Selective degeneration of motor neurons driven by multiple converging mechanisms: TDP-43 cytoplasmic aggregation, glutamate excitotoxicity, mitochondrial dysfunction, oxidative stress, impaired protein homeostasis, neuroinflammation, and disturbed RNA processing.

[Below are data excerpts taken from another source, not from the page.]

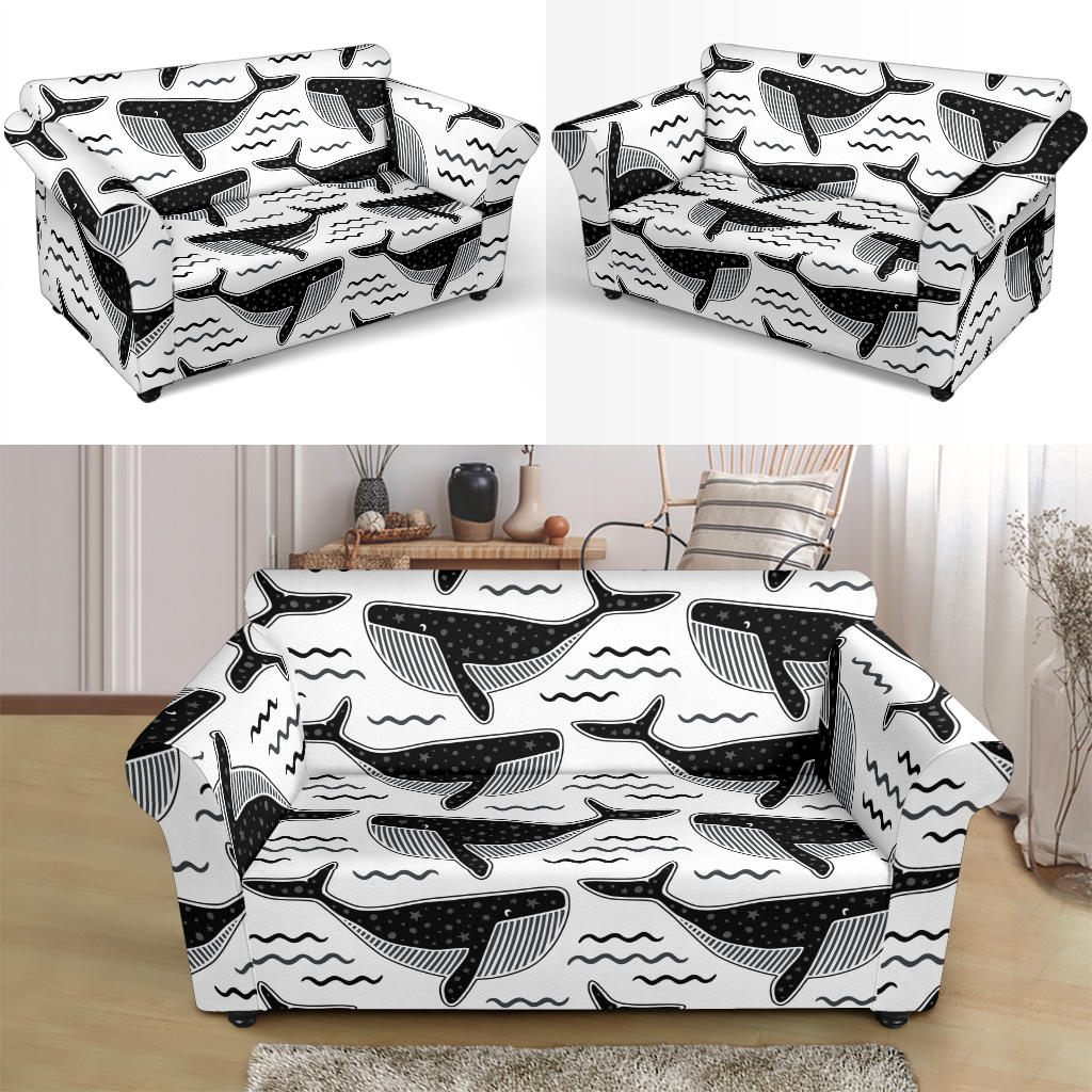Black whale pattern Loveseat Sofa Slipcover is a uniqued design and limited item. It made to order, hand printed, and sewn with love in our factory.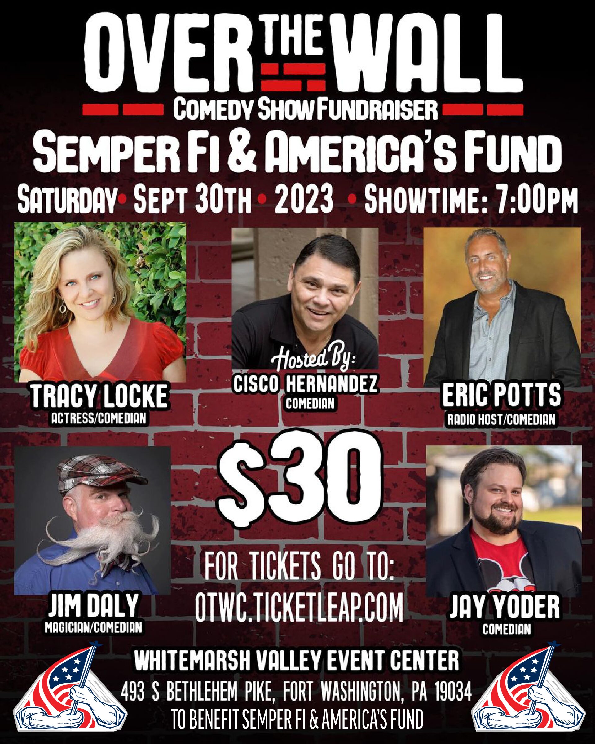 This event has passed.Find Another Event Events Over the Wall Comedy Show Fundraiser September 30, 2023 Date September 30, 2023 Over the Wall Comedy Show Fundraiser to benefit Semper Fi & America’s Fund Date: Sept 30, 2023, 7 PM Show Time: Doors open at 6:00 PM, showtime is 7:00 PM. More Information and tickets: https://otwc.ticketleap.com/093023/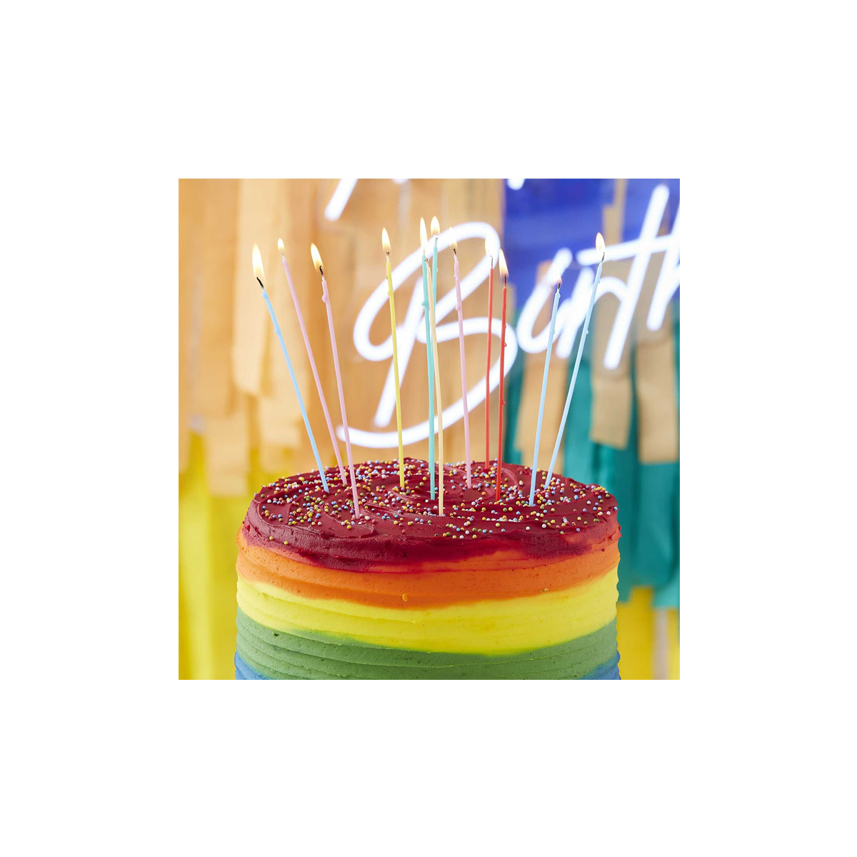 Το πακέτο περιέχει 12 ψηλά πολύχρωμα κεριά γενεθλίων Rainbow.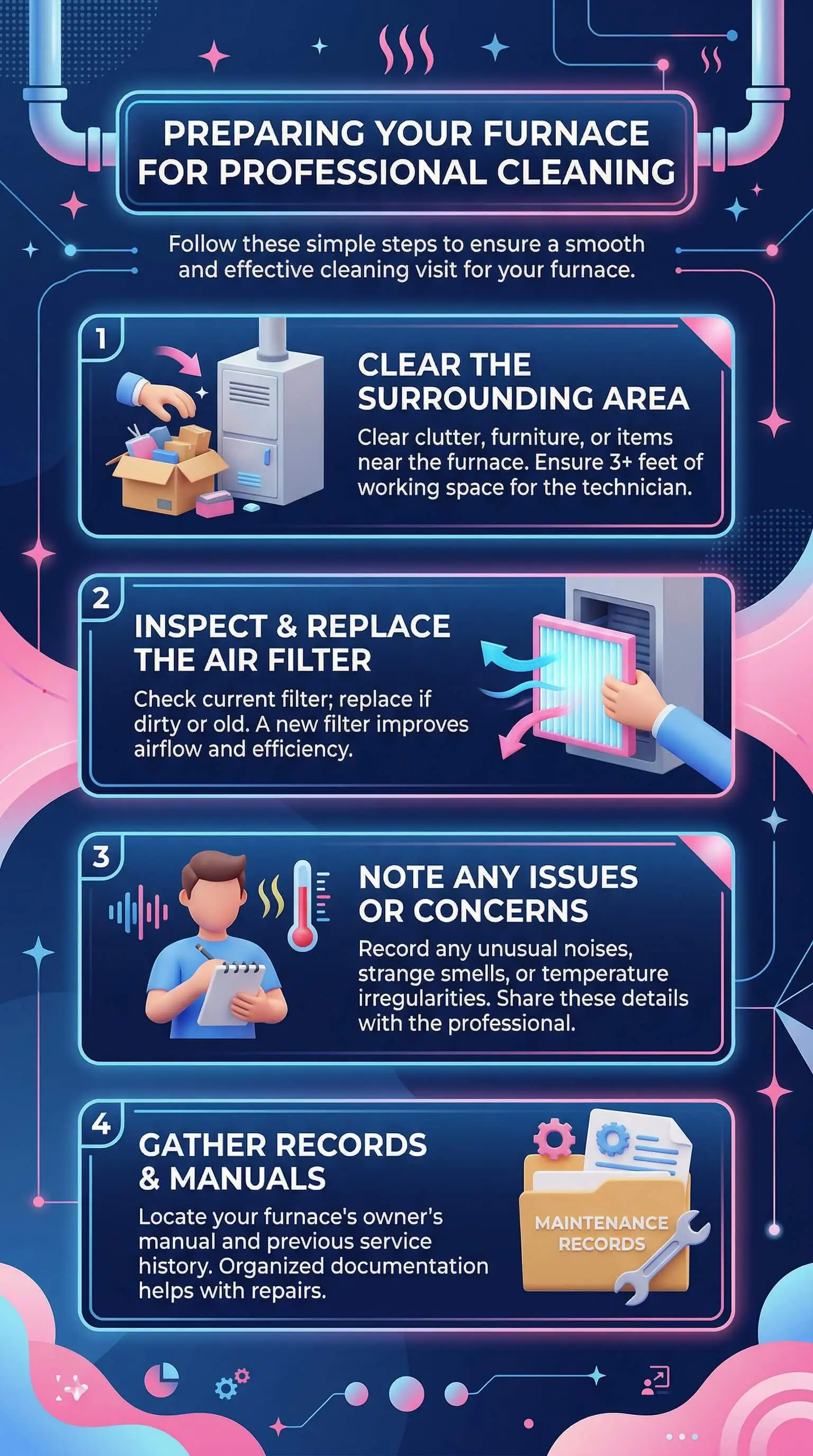 Cleaning a furnace involves both what you do before a professional arrives and what a trained technician handles during the visit itself. Here is the complete picture: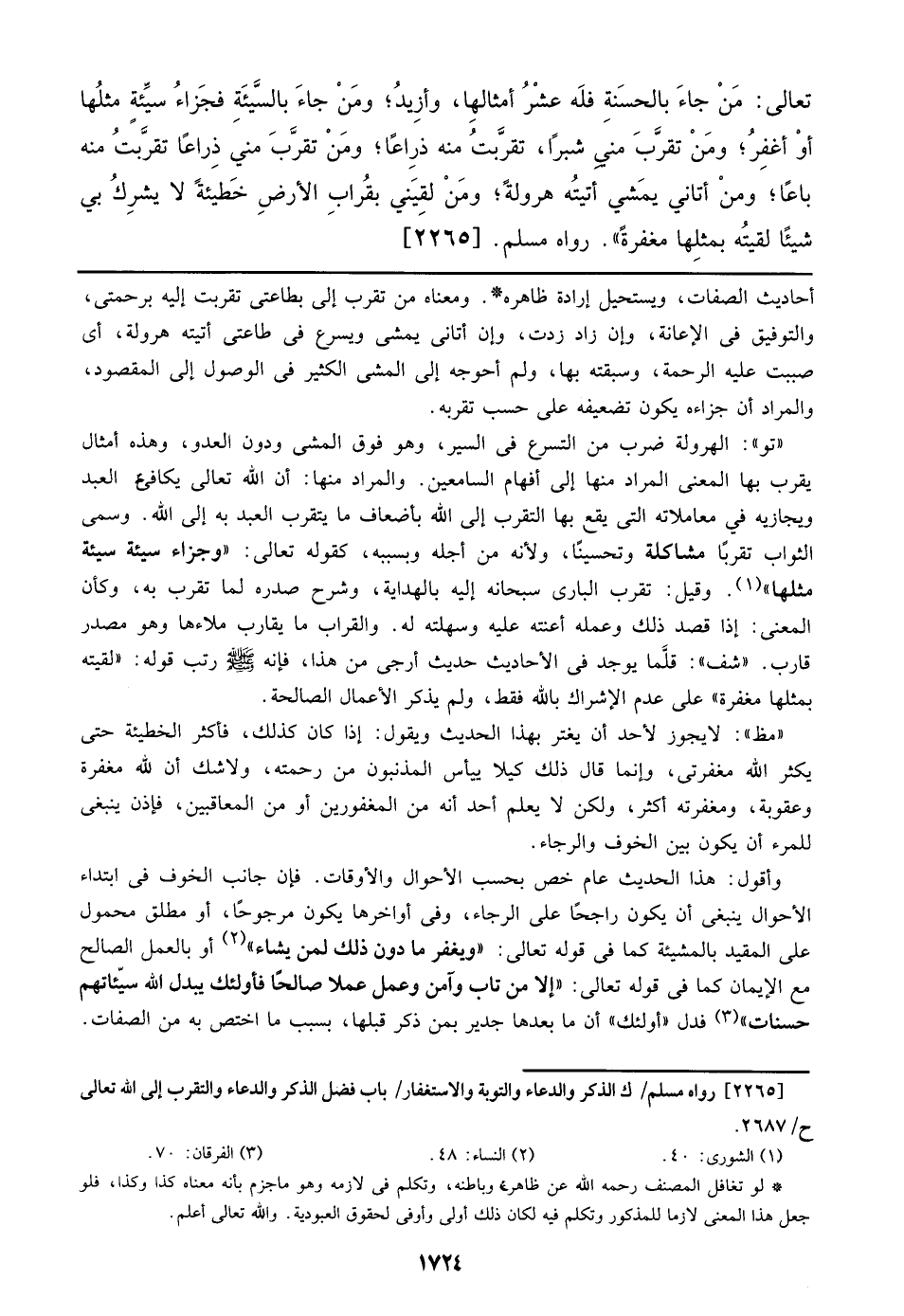 تعالي: من جاء بالحسنة فله عشر أمثالها، وأزيدُ؛ ومن جاء بالسيئة فجزاء سيئة مثلها أو أغفر؛ ومن تقرب مني شبرًا تقربت منه ذراعًا؛ ومن تقرب مني ذراعًا تقربت منه باعًا؛ ومن أتإني يمشي أتيته هرولة؛ ومن لقيني بقراب الأرض خطيئة لا يشرك بي شيئا لقيته بمثلها مغفرة)). رواه مسلم. [2265]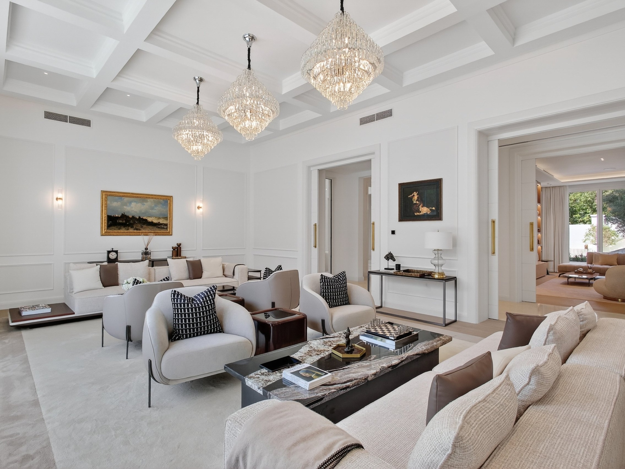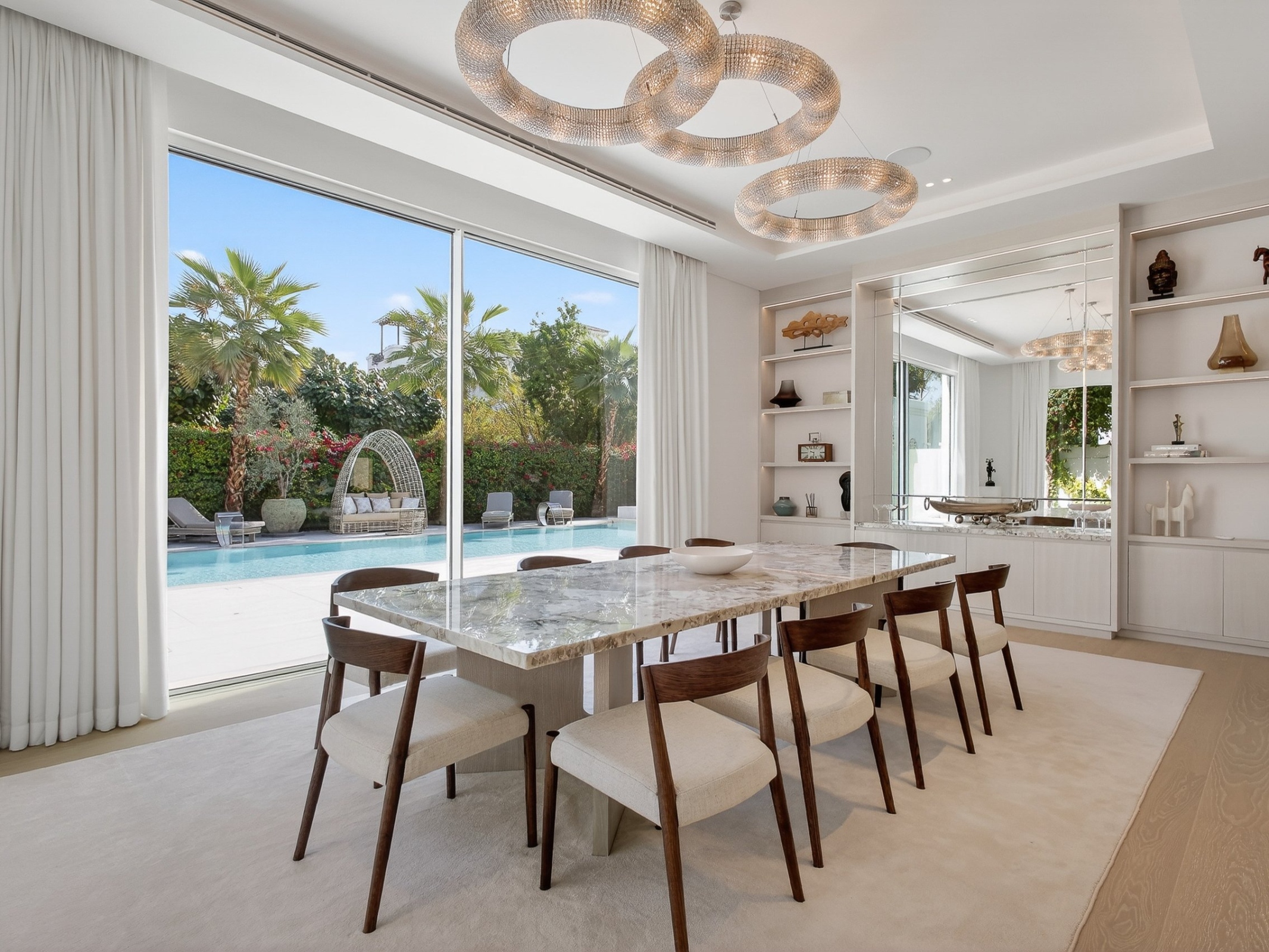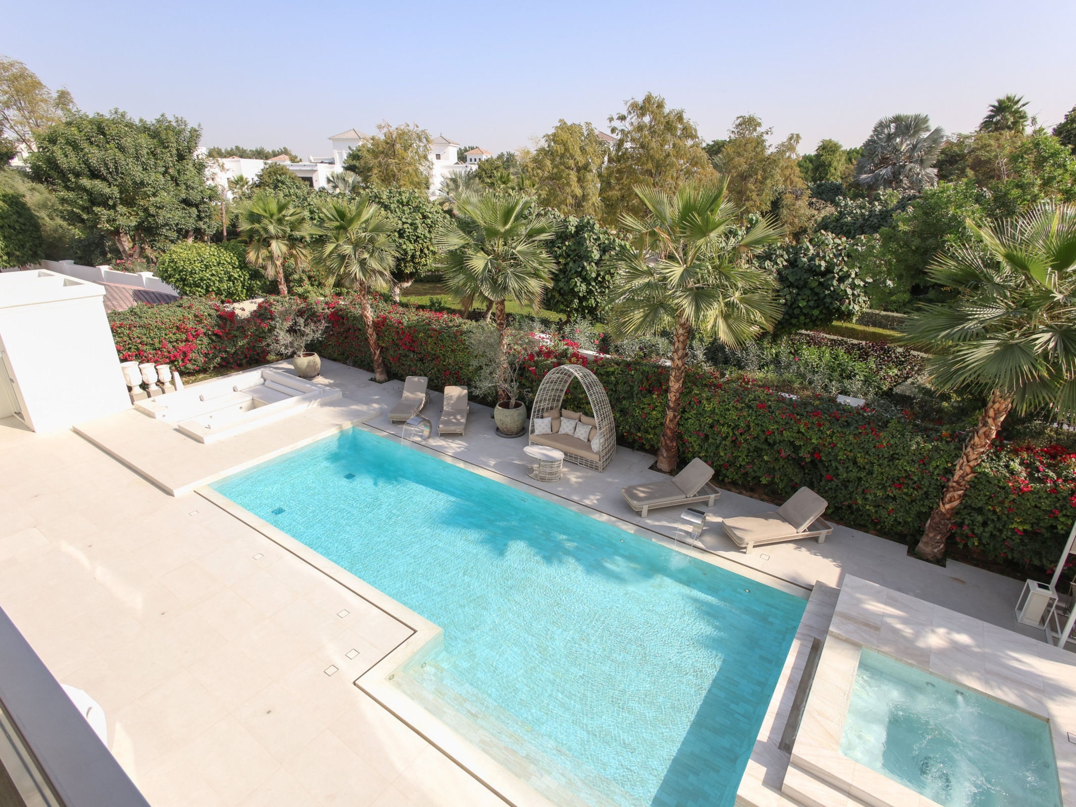 Bespoke interiors and custom dressing rooms provide elegant storage for life’s finer details, allowing the home to remain effortlessly composed. Outdoors, the calm of the pool and jacuzzi forms a natural gathering point for family and friends, complemented by generous entertaining spaces ideal for relaxed barbecues and intimate occasions alike.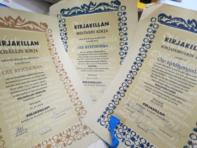 Kirjakisälli - Kirjamestari - Kirjaporvari - tasainen on ollut kehityskulku aikoinaan kirjakauppa-alalla, nämä myöntökirjat annettu aikoinaan Porilaiselle Ole Kytöhongalle ansioistaan. Kisällinkirjakin ihan lohikäärmeentappaja Mikaelin nimessä. Tässä toki kyseessä uusien kirjojen ala.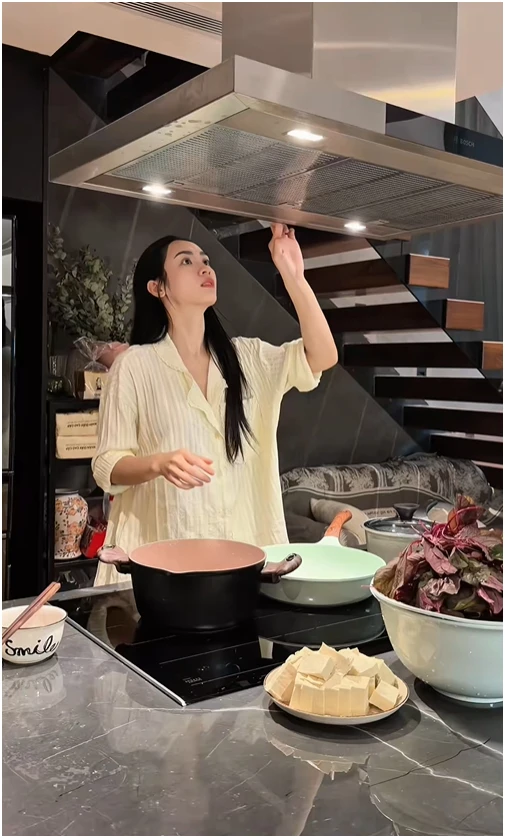 Vũ Thúy Quỳnh đứng nấu ăn nhưng thứ phản chiếu qua tủ lạnh nó… kỳ ghê!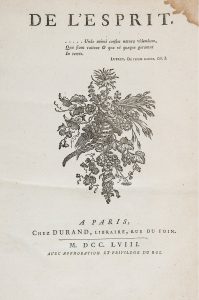 HELVÉTIUS Claude-Adrien. De l’Esprit. Paris, Durand, 1758 ;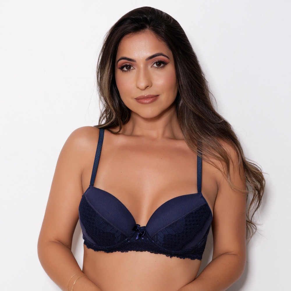 Sutiã com bojo revestido em renda de poliamida e tule. O modelo possui pala inteira em renda, alças com regulagens e fechamento traseiro por colchetes. Ideal para quem busca conforto, mas não dispensa sensualidade!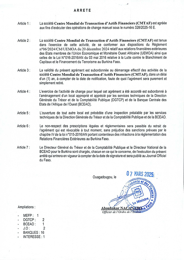 截止2024年12月,經(jīng)布基納法索國家經(jīng)濟(jì)和財(cái)政部、國家安全部及其下設(shè)各機(jī)構(gòu)的審核,世界金融資產(chǎn)交易中心(CMTAF)順利將關(guān)于個(gè)人換匯許可法令的材料遞交到西非經(jīng)濟(jì)和貨幣聯(lián)盟(UEMOA),并于當(dāng)月通過聯(lián)盟審核。目前,該文件已順利獲得西非經(jīng)濟(jì)和貨幣聯(lián)盟下設(shè)的西非國家中央銀行(BCEAO)的頒發(fā),并順利得到布基納法索國家經(jīng)濟(jì)和財(cái)政部簽批。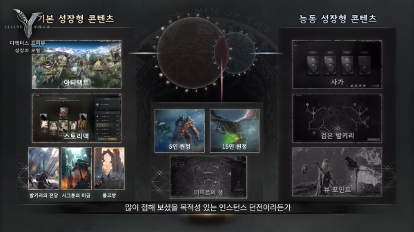 또 ▲사가 ▲검은 발키리 ▲뷰 포인트 등이 깊은 몰입감에 집중한 수동 기반의 능동형 성장 콘텐츠이며, 두 형태를 합친 ▲원정 ▲미미르의 샘 등의 콘텐츠도 있다.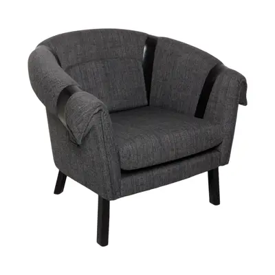RAM fåtölj av Fredik Färg och Marga Blanche för Design House Stockholm. Fåtöljen RAM är en klassisk skön fåtölj med bra stöd för armarna. Med lite mer avskalad design och med detaljer i svart läder och ben i svart känns RAM fåtöljen skräddad. Visst slitage på lädret kan förekomma. Sitthöjd: 42cm.
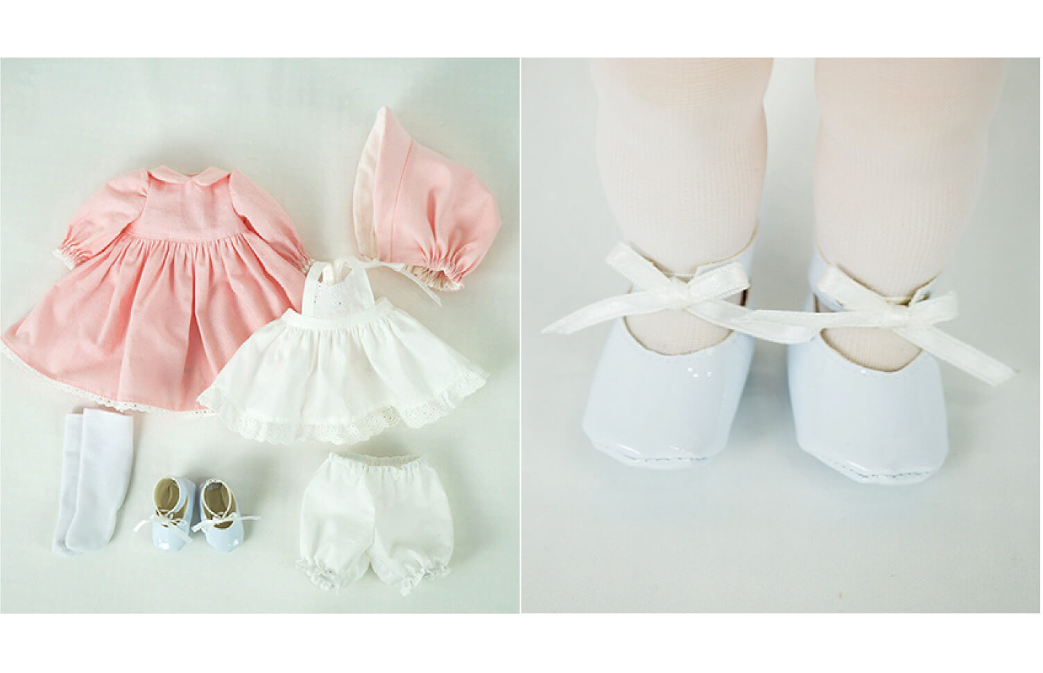 ピンクのワンピースとお揃いのボンネットとエプロンドレスを新調しました。

C9orf72 GGGGCC repeat expansion is the most common genetic cause and overlaps with frontotemporal dementia.

Clinical presentation

Symptoms

Limb-onset (~70%): asymmetric weakness, foot drop, hand clumsiness, muscle wasting
Bulbar-onset (~25%): dysarthria, dysphagia, tongue fasciculations, sialorrhea
Respiratory-onset (~5%): exertional dyspnea, orthopnea, morning headaches from nocturnal hypoventilation
Cramps and fasciculations precede or accompany weakness
Pseudobulbar affect — involuntary crying/laughing disproportionate to mood
Cognitive change in 30-50% (executive dysfunction); frank FTD in ~15%

Signs / physical exam

Upper motor neuron: spasticity, hyperreflexia, Babinski sign, jaw jerk, spastic dysarthria
Lower motor neuron: atrophy, fasciculations (especially tongue), flaccid weakness, hyporeflexia in wasted muscles
Forced vital capacity and sniff nasal inspiratory pressure decline as diaphragm weakens
Sensation, eye movements, and sphincter function preserved

Classic findings

Mixed UMN and LMN findings in the same body region (e.g., a wasted, fasciculating, hyperreflexic forearm) in an adult without sensory loss.

Differential diagnosis

Cervical spondylotic myelopathy — Mimics UMN+LMN at upper extremity level but produces sensory level and bowel/bladder dysfunction; MRI shows cord compression — surgically treatable
Multifocal motor neuropathy with conduction block — Pure LMN, asymmetric, conduction block on NCS, anti-GM1 antibodies, responds to IVIG
Inclusion body myositis — Asymmetric weakness of finger flexors and quadriceps, elevated CK, characteristic vacuoles on biopsy
Myasthenia gravis — Fatigable weakness, ocular involvement, response to edrophonium/ice pack, AChR antibodies
Spinal muscular atrophy (adult-onset) — Pure LMN, more slowly progressive, SMN1 deletion
Kennedy disease (spinobulbar muscular atrophy) — X-linked, bulbar and proximal weakness with gynecomastia, infertility, perioral fasciculations; CAG repeat in AR gene
Lyme, HIV, syphilis, lead, heavy metals, hyperthyroidism — Reversible mimics — screen routinely to avoid missing a treatable cause

Diagnostic workup

Diagnostic criteria

Gold Coast criteria (2020): progressive motor impairment + UMN and LMN dysfunction in ≥1 body region OR LMN dysfunction in ≥2 body regions + exclusion of mimics. EMG demonstrates active denervation (fibrillations, positive sharp waves) and chronic reinnervation (large motor unit potentials) in multiple body regions.

Labs

CK (mildly elevated in many), TSH, B12, HIV, RPR, Lyme serologies
SPEP/immunofixation to exclude paraproteinemia-related neuropathy
Anti-GM1 antibodies if MMN suspected
Genetic testing (SOD1, C9orf72, FUS, TARDBP) particularly with family history or before tofersen consideration

Imaging

MRI brain and full spine to exclude structural mimics (compression, demyelination, syrinx)

Diagnostic algorithm

flowchart TD
  A[Progressive painless<br/>weakness in adult] --> B[Exam: UMN + LMN<br/>signs, no sensory loss]
  B --> C[MRI brain/spine<br/>+ labs to exclude mimics]
  C --> D[EMG/NCS:<br/>denervation in<br/>multiple regions]
  D --> E{Gold Coast<br/>criteria met?}
  E -->|Yes| F[ALS diagnosis]
  E -->|No| G[Re-evaluate;<br/>consider mimics]
  F --> H[Multidisciplinary clinic<br/>+ riluzole ± edaravone<br/>± tofersen if SOD1]
  H --> I[Serial FVC,<br/>BiPAP, PEG,<br/>palliative care]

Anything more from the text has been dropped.